Sec.  1000.534  What constitutes substantial noncompliance?

* * * * *
    (a) The noncompliance has a material effect on the recipient 
meeting its planned activities as described in its Indian Housing Plan;
* * * * *
    62. In Sec.  1000.536, revise the heading to read as follows:


Sec.  1000.536  What happens to NAHASDA grant funds adjusted, reduced, 
withdrawn, or terminated under Sec.  1000.532?

* * * * *


Sec.  1000.538  [Removed]

    63. Remove Sec.  1000.538.
    64. Revise Sec.  1000.544 to read as follows:


Sec.  1000.544  What audits are required?

    Pursuant to NAHASDA Section 405(a), the recipient must comply with 
the requirements of the Single Audit Act (chapter 75 of title 31, 
United States Code), including OMB Circular A-133, which require annual 
audits of recipients that expend Federal funds equal to or in excess of 
an amount specified by the Office of Management and Budget (OMB), as 
set out in OMB Circular A-133, subpart B, section 200. If applicable, a 
certification that the recipient has not expended Federal funds in 
excess of the audit threshold that is set by OMB shall be included in 
the recipient's Annual Performance Report.
    65. Revise Sec.  1000.548, as follows:


Sec.  1000.548  Must a copy of the recipient's audit pursuant to the 
Single Audit Act relating to NAHASDA activities be submitted to HUD?
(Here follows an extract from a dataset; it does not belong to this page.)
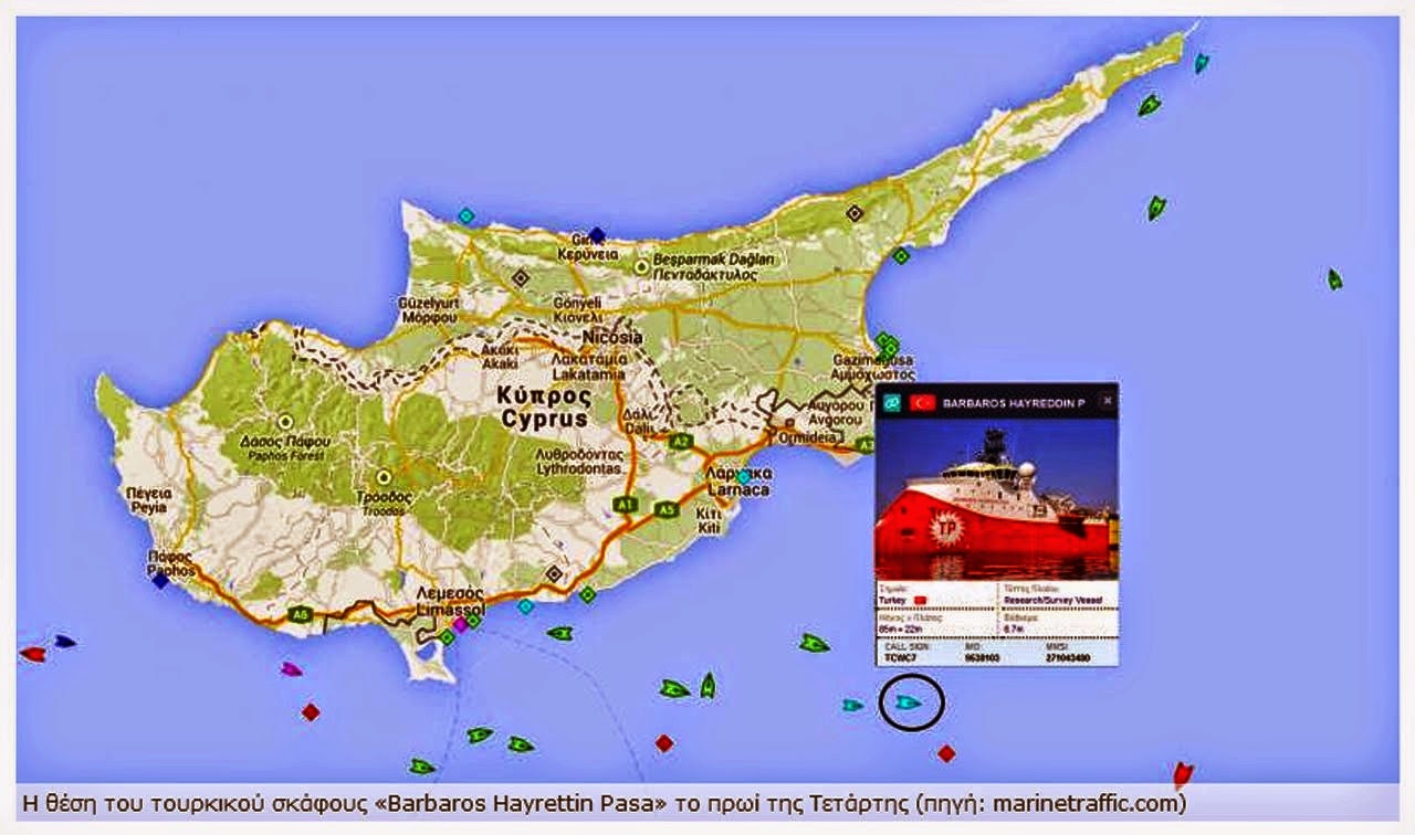 Τις ημέρες που το ερευνητικό σκάφος-πλατφόρμα Saipem 10000 του κονσόρτσιουμ ENI- KOGAZ έπλεε προς το Οικόπεδο 9, όπου εγκαταστάθηκε για να εκτελέσει τις διερευνητικές γεωτρήσεις, η Τουρκία έστειλε στην ευρύτερη περιοχή το δικό της ερευνητικό σκάφος «Μπαρμπαρός», συνοδευόμενο από δυο φρεγάτες, με σκοπό να εκφοβίσει τους Ιταλούς και τους Κορεάτες και να εκτρέψει με τον τρόπο αυτό το χρονοδιάγραμμα εκμετάλλευσης των ενεργειακών αποθεμάτων αλλά και των ρου των εξελίξεων, όπως αυτές έχουν προδιαγραφεί από τις προαναφερθείσες ενέργειες της Κυπριακής Δημοκρατίας.

    Yes. A copy of the latest recipient audit under the Single Audit 
Act relating to NAHASDA activities must be submitted to the appropriate 
HUD ONAP area office at the same time it is submitted to the Federal 
Audit Clearinghouse pursuant to OMB Circular A-133.
    66. Revise Sec.  1000.552 paragraph (b), to read as follows:


Sec.  1000.552  How long must the recipient maintain program records?

* * * * *
    (b) Except as otherwise provided herein, records must be retained 
for 3 years from the end of the Tribal program year during which the 
funds were expended.
* * * * *

    Dated: October 4, 2011.
Sandra B. Henriquez,
Assistant Secretary for Public and Indian Housing.